Now we are ready to implement the vectorized decoding function:

def decode_preds_vec(raw_preds: []):
    num_classes = len(COCO_CLASSES)

    raw_preds = np.transpose(raw_preds, (0, 2, 3, 1))

    raw_preds = raw_preds.reshape((1, GRID_SIZE**2, BOXES_PER_CELL, num_classes + 5))
    decoded_preds = []
    
    tx = raw_preds[:,:,:,0]
    ty = raw_preds[:,:,:,1]
    tw = raw_preds[:,:,:,2]
    th = raw_preds[:,:,:,3]
    tc = raw_preds[:,:,:,4]
    
    x = ((CX + sigmoid(tx)) * CELL_SIZE).reshape(-1)
    y = ((CY + sigmoid(ty)) * CELL_SIZE).reshape(-1)
    
    w = (np.exp(tw) * ANCHORS_W * CELL_SIZE).reshape(-1)
    h = (np.exp(th) * ANCHORS_H * CELL_SIZE).reshape(-1)
    
    box_confidence = sigmoid(tc).reshape(-1)
    
    classes_raw = raw_preds[:,:,:,5:5 + num_classes].reshape(GRID_SIZE**2 * BOXES_PER_CELL, -1)
    classes_confidence = softmax_2d(classes_raw, axis=1)
    
    box_class_idx = np.argmax(classes_confidence, axis=1)   
    box_class_confidence = classes_confidence.max(axis=1)
    combined_box_confidence = box_confidence * box_class_confidence
    
    decoded_boxes = np.stack([
        box_class_idx, 
        combined_box_confidence, 
        x, 
        y, 
        w, 
        h]).transpose()
    
    return sorted(list(decoded_boxes), key=lambda p: p[1], reverse=True)

First, to make calculations a little easier, we transpose the raw_preds array by moving the 425 values with the encoded box coordinates and class confidence to the last dimension. Then we reshape it from (1, 13, 13, 425) to (1, 13*13, 5, 85). This way, ignoring batch in the first position (always equal to 0), the order of dimensions matches the previous loops over cy (13), cx (13), and box (5).

Note that we had to use the shape (1, 13*13, 5, 85), instead of a more explicit (1, 13, 13, 5, 85), only because Core ML has some array rank limitations. It means that certain operations lead to exceptions on arrays with too many dimensions. Besides, considering the "hidden" internal sequence dimension, working with arrays in Core ML is not very intuitive.

Working on NumPy arrays, we could use the "longer" shape (1, 13, 13, 5, 85) but, to make operations easily convertible to Core ML, we had to reduce the number of dimensions by one, hence the shape (1, 13*13, 5, 85).

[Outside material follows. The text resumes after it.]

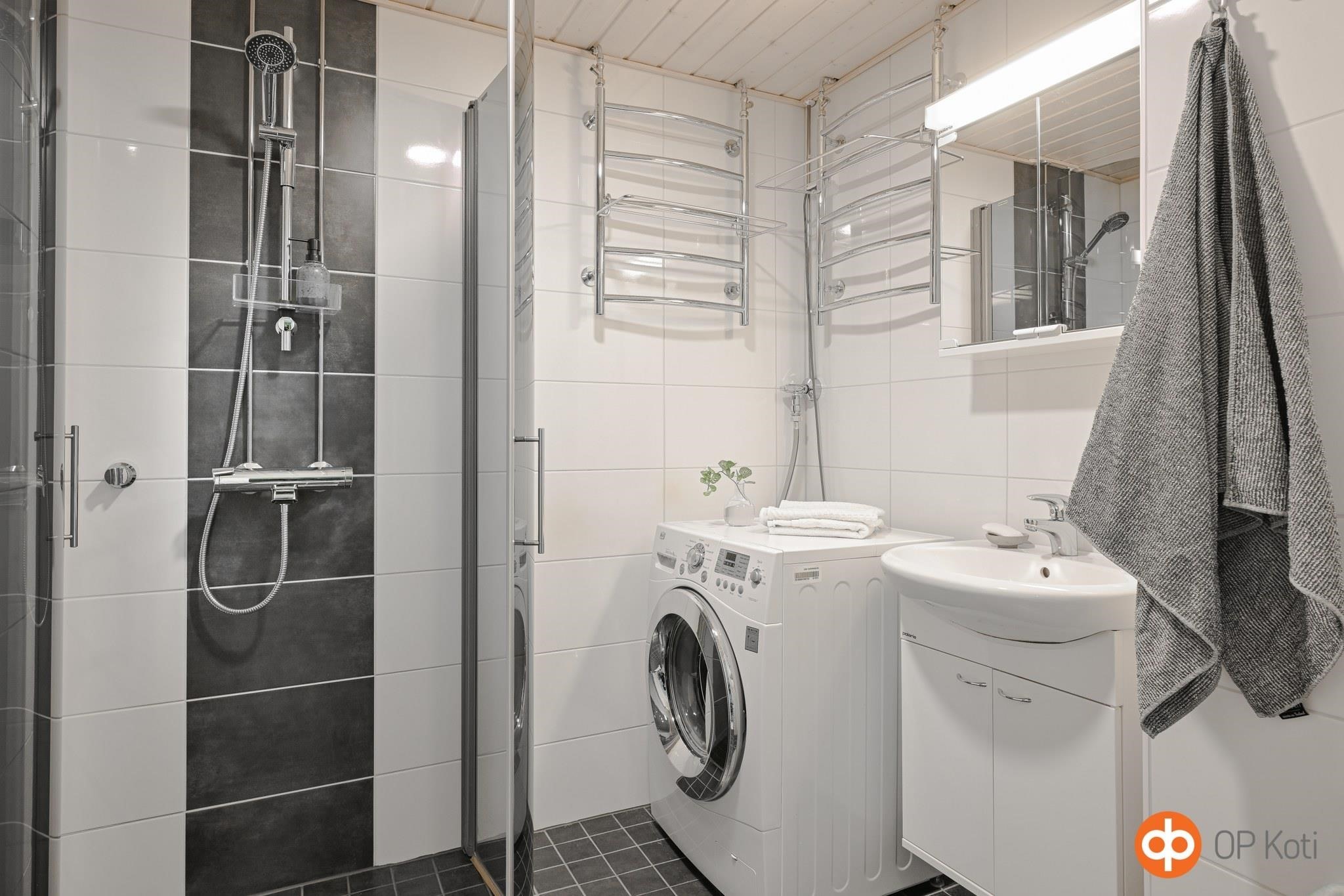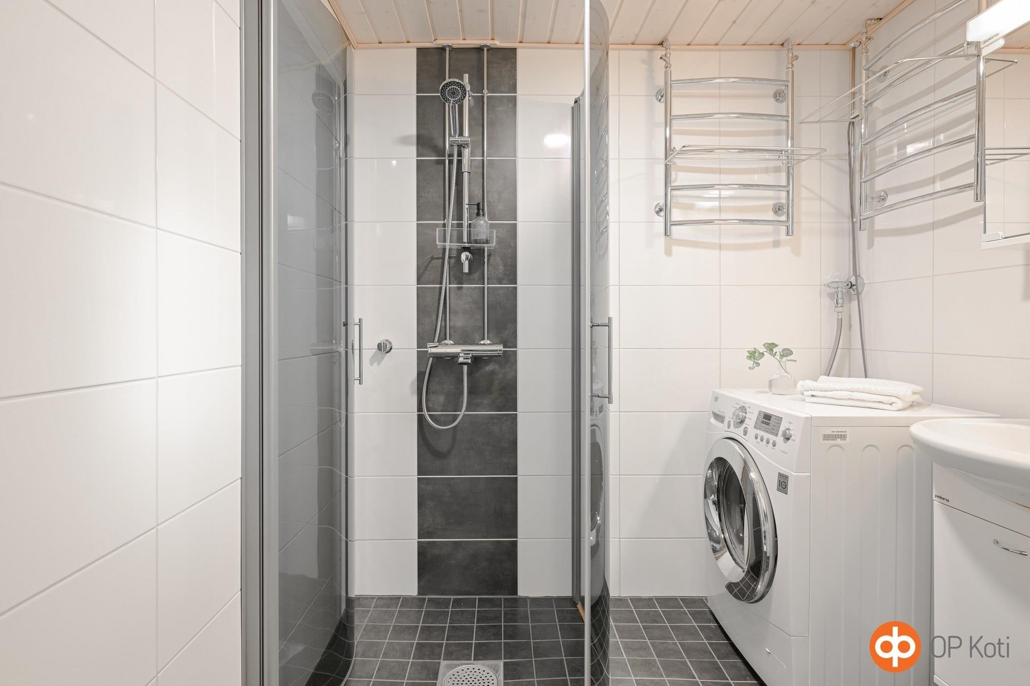 - Kylpyhuone, erillinen wc remontoitu 2015, suihku, suihkuseinä taittuvat, peilikaappi, allaskaappi, pesukoneliitäntä, kiinteät valaisimet. Rättipatteri. Kylpyhuoneremontti 2015

Now, the main change from the previous version is how the tx, ty, tw, th, and tc values, as well as classes_raw, are obtained. Instead of reading separate values corresponding to a single box within a single cell, we obtain an array with all corresponding values in a single step. This supports the following "single step" array operations, which make all the calculations extremely efficient, especially when executed on a chip optimized for array calculations, such as GPU or Neural Engine.

decoded_preds_vec = decode_preds_vec(preds)
annotate_image(image, decoded_preds_vec)

Here is another example.

Next Steps

We now got the same results as in the previous, loop-based solution. It makes us ready to include detection decoding directly in the Core ML model. This eventually will allow us to use the object detection features of the Vision framework, which significantly simplifies the Swift code of the iOS application.